= Jaquelin T. Robertson =

American architect (1933–2020)

Jaquelin Taylor Robertson, informally known as "Jaque," (March 20, 1933 – May 9, 2020) was an American architect and urban designer, working at Cooper Robertson. He was a representative of New Urbanism and New Classical Architecture.

== Early life and education ==
Robertson was born and raised in Richmond, Virginia on a classical family-owned estate. His family was aristocratic and lived in a Georgian-style house; he is a descendant of presidents Zachary Taylor and James Madison. His father Walter worked for the U.S. State Department and was special envoy to China for several years. After graduating from Yale College with a Bachelor of Arts degree in 1954 and spending a year at Oxford University as a Rhodes Scholar, Robertson received a Master of Architecture degree from Yale School of Architecture in 1961.

== Career ==
Working in New York City Planning, he was the founder of the New York City Urban Design Group, the first Director of the Mayor's Office of Midtown Planning and Development, and a City Planning Commissioner.

In 1975, he spent three years in Tehran, Iran, directing the planning and design of the country's new capitol center Shahestan Pahlavi in the Abbas Abad district of Tehran.

From 1980 to 1988, Robertson was Dean of the University of Virginia School of Architecture where there is now an Endowed Professorship in his name entitled the "Jaquelin T. Robertson Visiting Professorship in Architecture." At UVA, Robertson often invited notable guest speakers and organized a famous symposium with 25 of the nation's leading architects, including Robert A. M. Stern and Léon Krier, that resulted in the publication of a book entitled The Charlottesville Tapes. During this same period (1980 to 1987), he was partnered with Peter Eisenman in the firm Eisenman/Robertson Architects in New York City.

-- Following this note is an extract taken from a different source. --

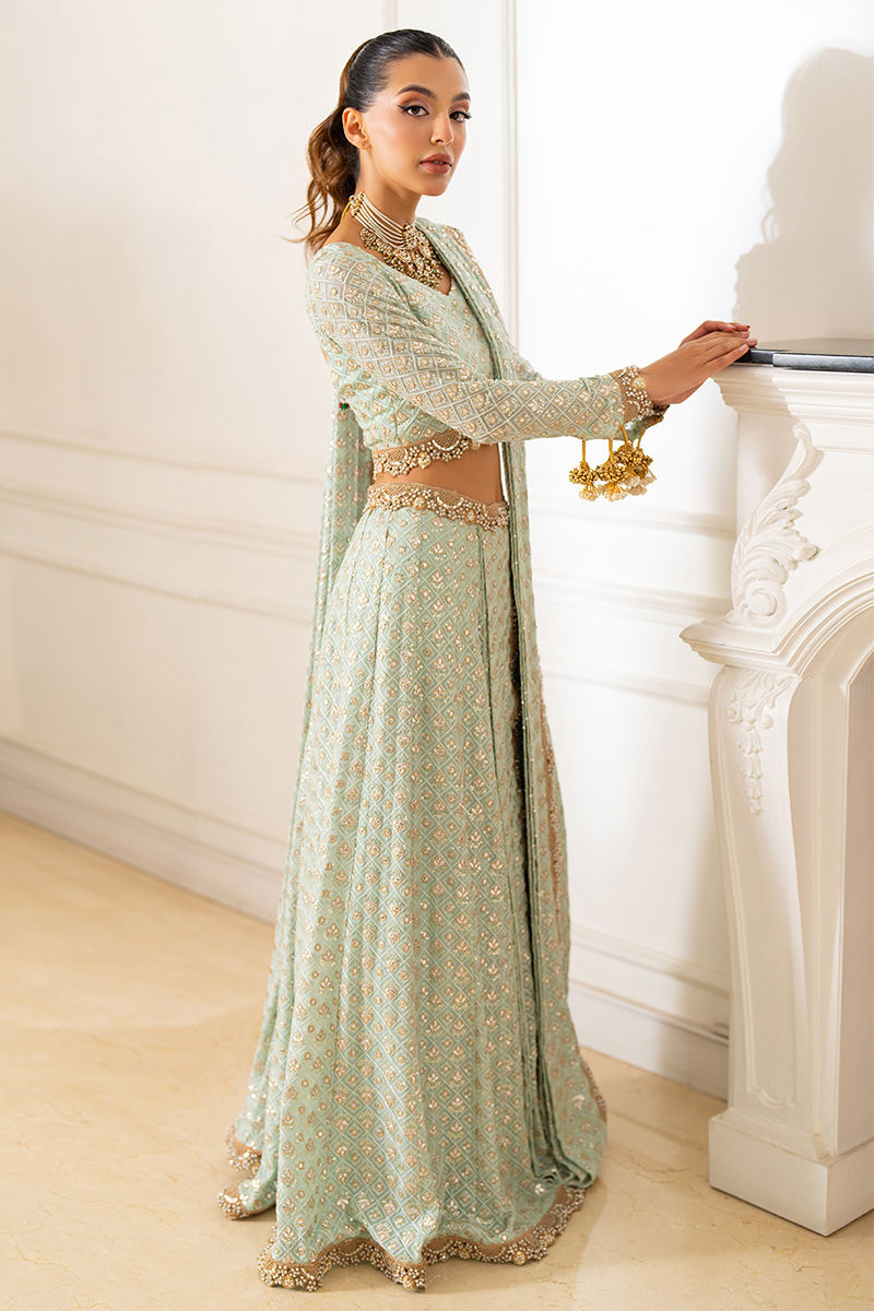 Radiate timeless elegance in this georgette chiffon lengha choli, featuring an attached draped dupatta with pearl and scalloped lace. Handmade tassels on the sleeves add a touch of artisanal charm to this stunning ensemble.

In 1988, he stepped down from the University of Virginia post and his partnership with Peter Eisenman to join his Yale School of Architecture classmate Alex Cooper in his firm in New York City, established now under a new name: Cooper, Robertson & Partners.

His notable work includes the New Albany Country Club in New Albany, Ohio outside Columbus, the Visitor Center at the Lewis Ginter Botanical Garden in Richmond, Virginia, the Henry Moore Sculpture Garden at the Nelson-Atkins Museum of Art, the Master Plan for Celebration, Florida for the Disney Development Company as well as the Golf Clubhouse there, The Institute for the Arts & Humanities at the University of North Carolina at Chapel Hill, the Master Plan for the new community of Val d'Europe, outside Paris, France, the Sony Pictures Imageworks Headquarters Building in Culver City, California, and numerous private residences.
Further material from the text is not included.